Exercise 4.1

From reading the notes on this exercise we are to find out about the cameras light metering capabilities in auto mode compared to Manual Mode

I found these cards in the back of The best Abode Photoshop CS5 book for Digital photographers by Scott Kelby. So I set the camera in auto mode and proceeded to take images of the black, grey and white card. The focus didn’t matter as long as the tone filled the viewfinder. Trying to take an image of the white card wasn’t going to plan. I tried it with flash to see what the histogram looked like for comparison then I went outside and took a picture of a white wall which showed a less messy histogram for the purpose of this exercise.

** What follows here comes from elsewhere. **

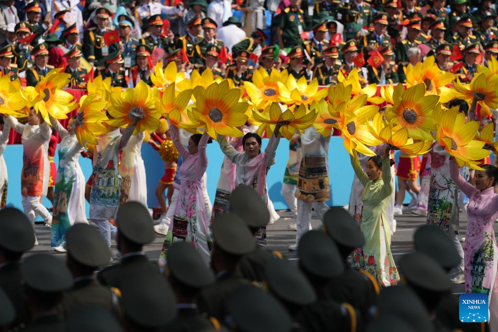 This photo taken on April 30, 2025 shows a scene of a mass march marking the 50th anniversary of the liberation of the South and national reunification in Ho Chi Minh City, Vietnam. Vietnam on Wednesday held a grand ceremony, military parade and mass march in Ho Chi Minh City to mark the 50th anniversary of the liberation of the South and national reunification. Vietnamese leaders, including General Secretary of the Communist Party of Vietnam Central Committee To Lam, President Luong Cuong, Prime Minister Pham Minh Chinh and Chairman of the National Assembly Tran Thanh Man, attended the event along with representatives from various sectors. (Xinhua/Hu Jiali)

Grey, black and white cards for reference

The histogram horizontally charts the tonal values of a scene that is photographed. the pure black is at the far left and the pure white is at the far right on a scale of 0 – 255. The vertical axis shows the number of pixels in each particular tone.

Here are the images of the histograms with the camera in auto mode.

From the images in Auto mode you can see the peaks for white and dark are quite close to the middle grey tones area, they are bunched up effectively.

Here are the images of the histograms with the Camera in Manual.  These are more effective because the white and black tones are definitely situated further away from the middle grey tone.


The thing I have learnt when looking at histograms is that the goal is to prevent your histogram bunching up too much at the far ends, which indicates that the details are lost in pure whites or pure blacks. Ideally the histogram  should start at the bottom  left corner and rise into a mountain peaking in the middle of the chart ( mid-tones) and gracefully taper off back down to the bottom right hand corner, similar to a bell curve.

In Manual setting achieving the perfect exposure is easier and more creative because you can use the cameras light meter as a guide. The thought process is I pick my Aperture depending on what I what my image to exhibit with respect to composition then I adjust the shutter speed accordingly so that the marker on the exposure indicator returns to ‘0’. If I change my aperture to be wider I will need to reduce the shutter speed to be faster.  Switching the camera into manual mode gives you complete control over Aperture, shutter speed, ISO and focus.

I’ve found that I am increasingly shooting  in manual because I get frustrated with Aperture/Shutter priority settings.  Getting the image I want and what I have to set the camera at to achieve it  is getting easier the more practice I have. As the coursework suggest the intuitiveness comes over time.